Like many other countries, North Korea relies on its online prowess to advance some of its goals. The regime in Pyongyang has developed a group of an estimated 6,000 or more advanced state hackers, to whom experts have attributed notoriously aggressive operations such as the WannaCry attack of 2017, the $81 million heist of Bangladeshi banks in 2016, and the Sony Pictures breach in 2014.

It’s worth noting, Lechtik of Check Point says, that there’s a “discrepancy” between how North Korea portrays itself and how it acts on the global tech stage.

While North Korean officials project “into the domain of IT” that they are “trying to cooperate with the West, and work hand in hand,” Lechtik says, “they are at the same time doing these shady operations and [building] their products on shady practices.”
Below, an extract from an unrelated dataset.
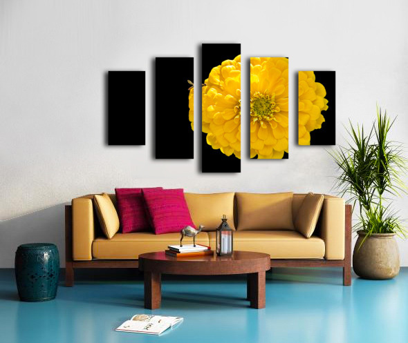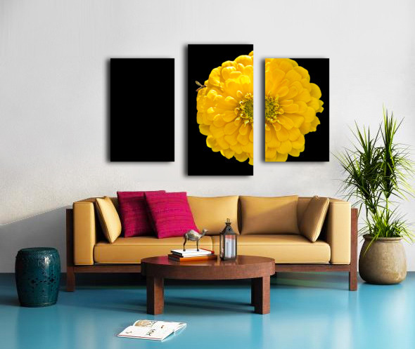 Yellow Zinnia and a Hoverfly Canvas print

And because its interface is in Korean, there’s little doubt, says Michael Kajiloti, Check Point’s malware research team leader, that “SiliVaccine is targeted [at] North Korean citizens.”

Whether North Korean coders designed the software to spy on North Korean citizens living within the country’s borders, on the estimated 50,000 to 100,000 North Koreans who live outside its borders—or both—however, remains unclear.

North Korea greatly restricts its citizens’ access, physically and digitally, to the outside world. They have no global Internet access but rather a carefully curated intranet, Lechtik says. So why would Kim Jong Un want (or need) to spy on their Internet activity? And would he have reason to protect them via antivirus software from outside hackers or online exploitations?

How SiliVaccine works. Image courtesy Check Point

“There is a phenomenon of smuggling media content into North Korea,” Lechtik says. North Korean citizens “are getting USB sticks or CDs with different kinds of media,” he says, “such as South Korean soap operas and TV shows.” And Pyongyang may well fear that smuggled foreign media is “an attack vector on their network.”

The unmasking of SiliVaccine’s origins underscores problems with controlling the computer code supply chain, says Leo Taddeo, chief information security officer at cybersecurity company Cyxtera.

“Threat actors use malware in general to collect information, and the various social-engineering techniques to implant that malware are common,” says Taddeo, who once led special operations at the Cyber Division of the FBI’s New York office. “We shouldn’t be surprised that this is yet another cyberattack tool that is masked as having a benevolent purpose.”

Kim Jong Un’s regime likely uses SiliVaccine to spy on North Korean expats, in addition to citizens living within the country, North Korea expert Bruce Bennett says.

“To spy on their people is the nature of North Korea,” says Bennett, the senior international and defense researcher for RAND Corp. He notes that life in North Korea is so restricted that it’s a criminal offense for North Koreans to partake of South Korean music and arts, something Kim Jung Un did in April with impunity, so it’s not surprising to him that Pyongyang would produce spyware masquerading as an antivirus program.

A “normal North Korean citizen” living in or visiting South Korea would have faced a minimum one-year prison sentence for attending a similar concert, Bennett says—not to mention for smuggling a recording of it into North Korea. Simply put, “Kim Jung Un doesn’t want outside information getting into the North.”